File /opt/conda/envs/python35-paddle120-env/lib/python3.10/site-packages/paddlenlp/transformers/model_utils.py:1638, in PretrainedModel._resolve_model_file_path(cls, pretrained_model_name_or_path, from_hf_hub, from_aistudio, cache_dir, subfolder, config, convert_from_torch, use_safetensors, variant) 1636 logger.info(e) 1637 # For any other exception, we throw a generic error. -> 1638 raise EnvironmentError( 1639 f"Can't load the model for '{pretrained_model_name_or_path}'. If you were trying to load it" 1640 " from 'https://paddlenlp.bj.bcebos.com/'" 1641 ) 1643 if is_local: 1644 logger.info(f"Loading weights file {archive_file}")

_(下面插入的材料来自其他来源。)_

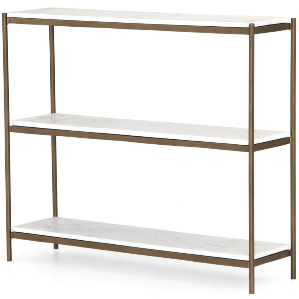 Arlene Updated Traditional White Travertine Bronze Iron Rectangular Console Table
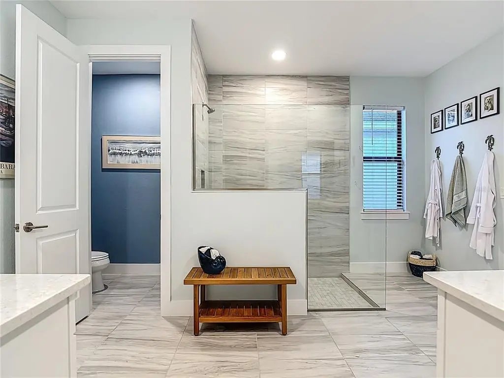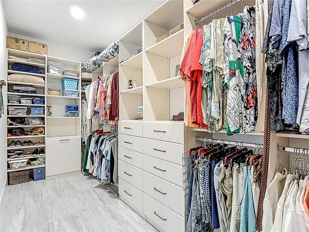 - Interior FeaturesCeiling Fan(s), Eating Space In Kitchen, High Ceilings, In Wall Pest System, Open Floorplan, Primary Bedroom Main Floor, Stone Counters, Tray Ceiling(s), Walk-In Closet(s), Window Treatments
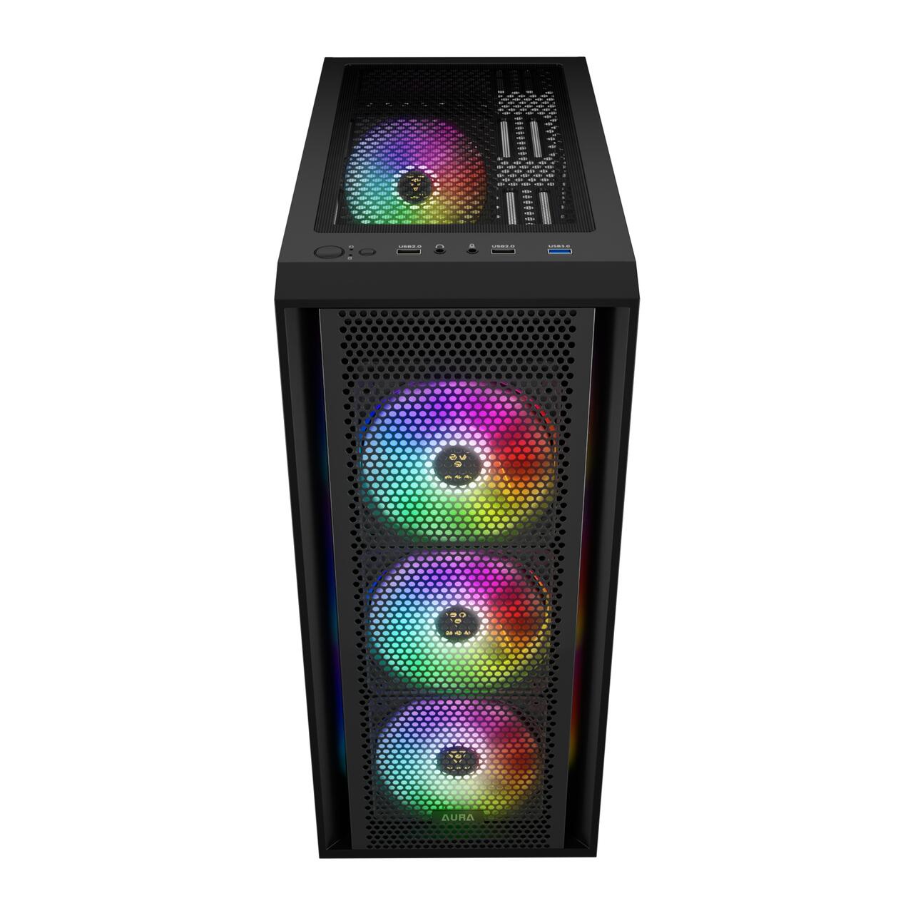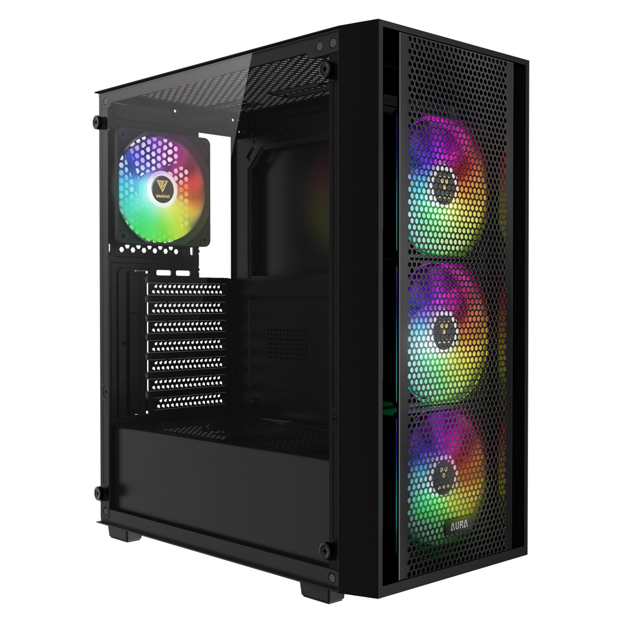 Carcasa Gamdias Aura GC2 Elite aRGB neagra, SPCC & ABS & Tempered glass, Mid Tower Case, interior vopsit negru, 2 x 3.5" sau 1 x 2.5"+1 x 3.5"(HDD Cage), 2x 2.5” (intern), fata – 3x 120mm aRGB LED Fans (inclus) / 2x 140mm fand (optional), spate – 1x 120mm aRGB LED Fans (inclus), tavan – 2x 120mm fans (optional), 1x USB 3.0, 2x USB 2.0, HD Audio, ATX/Micro-ATX/Mini-ITX, design premium cu panou lateral din sticla securizata, sloturi expansiune: x7, inaltime maxima cooler procesor: 160mm, lungime maxima placa video: 340mm, lungime maxima sursa: 160mm, suport radiatoare water cooling: fata – 1x 360mm, spate – 1x 120mm, dimensiuni (LxWxH): 395x195x450mm, greutate: 4.9kg
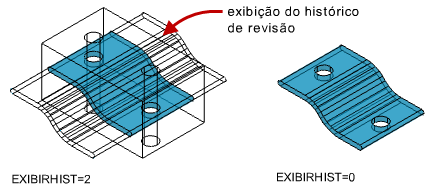 Você pode remover o histórico de um sólido composto selecionado ao alterar sua configuração de Histórico para Nenhum ou inserindo o comando REPRLIMITE. Após o histórico ter sido removido, não mais é possível selecionar e modificar os componentes originais removidos do sólido. É possível reiniciar a retenção do histórico para o sólido ao alterar sua configuração Histórico de volta para Gravar.

OSError: Can't load the model for 'gpt-cpm-small-cn-distill'. If you were trying to load it from 'https://paddlenlp.bj.bcebos.com/'

w5688414 commented 5 months ago

我测了几次都没有问题:

image
lao-xu commented 5 months ago

我在aistduio上跑的,一直报这个错,这云环境有关系吗?

w5688414 commented 5 months ago

查看一下你的paddle版本,可以装develop版本试一下

yangquanbiubiu commented 5 months ago

我是在昆仑芯R200上跑的,也碰到了同样的问题,请问你解决了吗

lao-xu commented 5 months ago

我是在昆仑芯R200上跑的,也碰到了同样的问题,请问你解决了吗 没有,我升级了paddlenlp版本还是不行,不知道为什么

w5688414 commented 5 months ago

按照如下的命令试一下:

pip uninstall paddlenlp
git clone https://github.com/PaddlePaddle/PaddleNLP.git
cd PaddleNLP
pip install -e .
github-actions[bot] commented 3 months ago

This issue is stale because it has been open for 60 days with no activity. 当前issue 60天内无活动,被标记为stale。

github-actions[bot] commented 3 weeks ago

This issue is stale because it has been open for 60 days with no activity. 当前issue 60天内无活动,被标记为stale。

github-actions[bot] commented 1 week ago

This issue was closed because it has been inactive for 14 days since being marked as stale. 当前issue 被标记为stale已有14天,即将关闭。